■ DESCRIPTION OF THE TASK
Could you transcribe each entry below exactly, minus the images?

MATERIAL FOR THIS EXERCISE Block Start

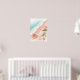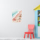 Beautiful aerial view of seashells and starfish on pink sandy beach with aqua waves. Charming coastal watercolor perfect for beach house, bathroom, nursery, or bringing beach vibes indoors.
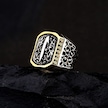 925 Ayar Gümüş Telkari Detaylı Elif İşlemeli Erkek Yüzük Çok Renkli
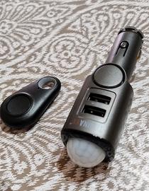 Technaxx Sensore di rilevamento del movimento PIR Sistema di allarme per auto Monitoraggio dell'interno del veicolo Funzione ricarica sirena 110 dB 2 porte USB Allarme portatile con telecomando TX-100
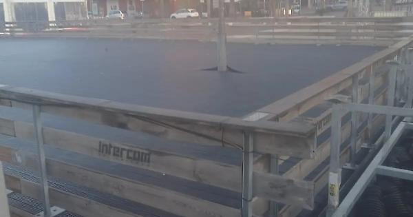 Nella pista di pattinaggio sul ghiaccio “spunta” un palo della luce
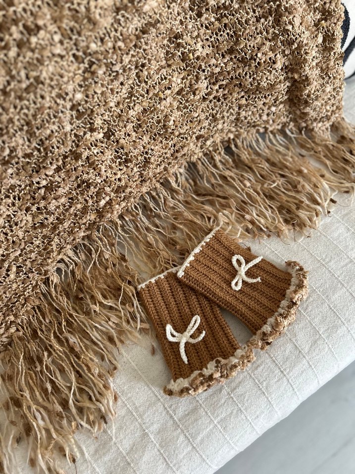 Açık kahverengi örgü, beyaz fiyonk detaylı bohem tarzı kadın eldiveni, rahat ve retro bir görünüm sağlar.
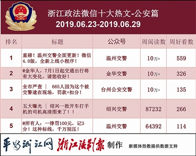 本期公安榜单,“温州交警”“金华交警”“绍兴交警”分别名列前三名。热文榜上,3篇阅读量达“10万+”的文章,全都与交通安全有关。其中,“温州交警”的《重磅!温州交警全面更新!微信4.0版,全新上线小程序!》一文获得冠军,并获得559个在看数。通过微信服务号就能在线办理各类交管业务,真心方便,难怪老百姓都要点进来看。
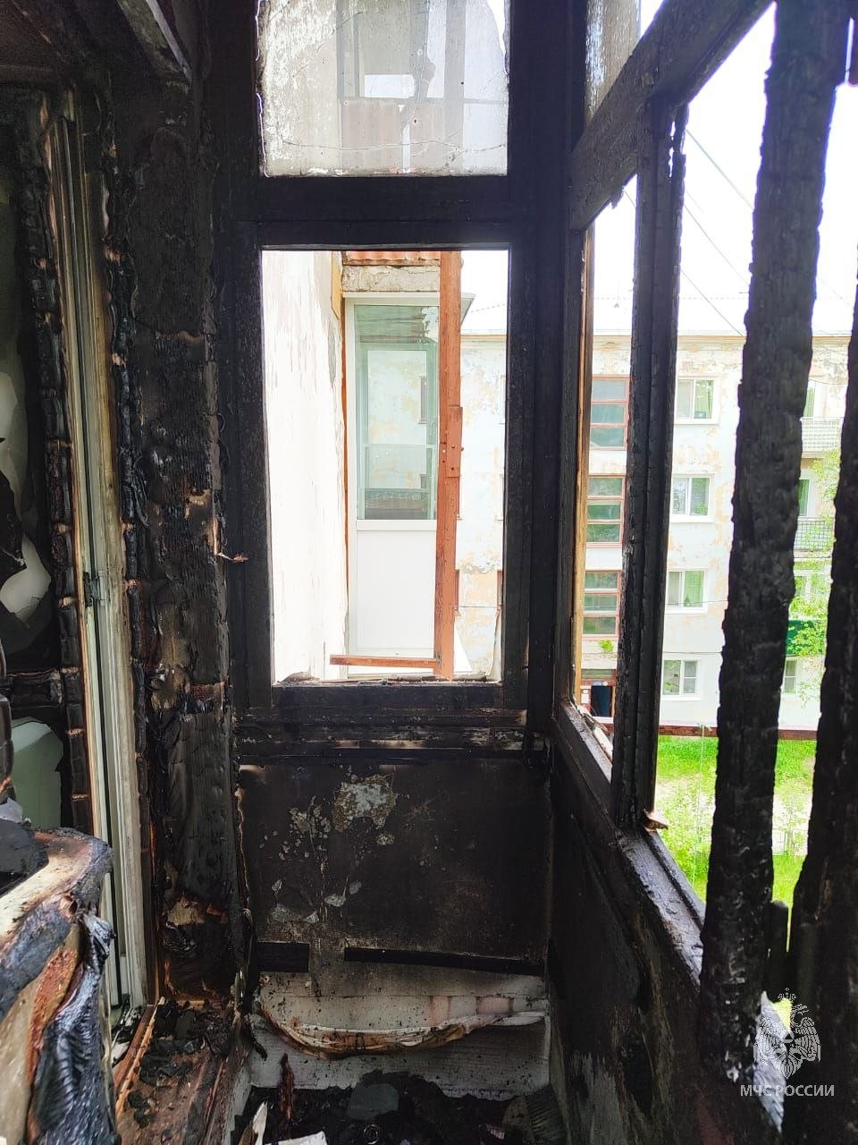 Пожарные потушили балкон в посёлке Сокол. Фото: ГУ МЧС России по Магаданской области
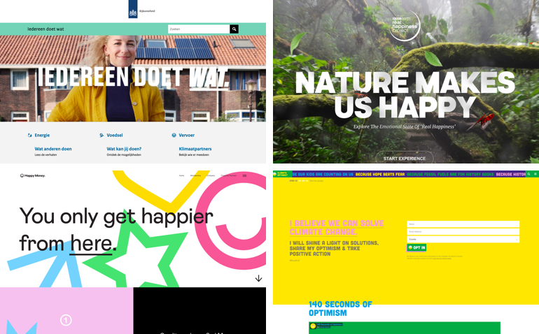 We noemen een paar voorbeelden. De BBC stelt: “Nature makes us happy”. Happy Money – voor sparen en tegen consumptief krediet – roept: “You’ll only get happier from here.” The Climate Optimist gelooft erin: “I believe we can solve climate change.” En zelfs biermerk Carlsberg gaat voor duurzaamheid: “We brew to create a better future for all of us.”

MATERIAL FOR THIS EXERCISE Block End

■ SOLUTION
 Beautiful aerial view of seashells and starfish on pink sandy beach with aqua waves. Charming coastal watercolor perfect for beach house, bathroom, nursery, or bringing beach vibes indoors.
 925 Ayar Gümüş Telkari Detaylı Elif İşlemeli Erkek Yüzük Çok Renkli
 Technaxx Sensore di rilevamento del movimento PIR Sistema di allarme per auto Monitoraggio dell'interno del veicolo Funzione ricarica sirena 110 dB 2 porte USB Allarme portatile con telecomando TX-100
 Nella pista di pattinaggio sul ghiaccio “spunta” un palo della luce
 Açık kahverengi örgü, beyaz fiyonk detaylı bohem tarzı kadın eldiveni, rahat ve retro bir görünüm sağlar.
 本期公安榜单,“温州交警”“金华交警”“绍兴交警”分别名列前三名。热文榜上,3篇阅读量达“10万+”的文章,全都与交通安全有关。其中,“温州交警”的《重磅!温州交警全面更新!微信4.0版,全新上线小程序!》一文获得冠军,并获得559个在看数。通过微信服务号就能在线办理各类交管业务,真心方便,难怪老百姓都要点进来看。
 Пожарные потушили балкон в посёлке Сокол. Фото: ГУ МЧС России по Магаданской области
 We noemen een paar voorbeelden. De BBC stelt: “Nature makes us happy”. Happy Money – voor sparen en tegen consumptief krediet – roept: “You’ll only get happier from here.” The Climate Optimist gelooft erin: “I believe we can solve climate change.” En zelfs biermerk Carlsberg gaat voor duurzaamheid: “We brew to create a better future for all of us.”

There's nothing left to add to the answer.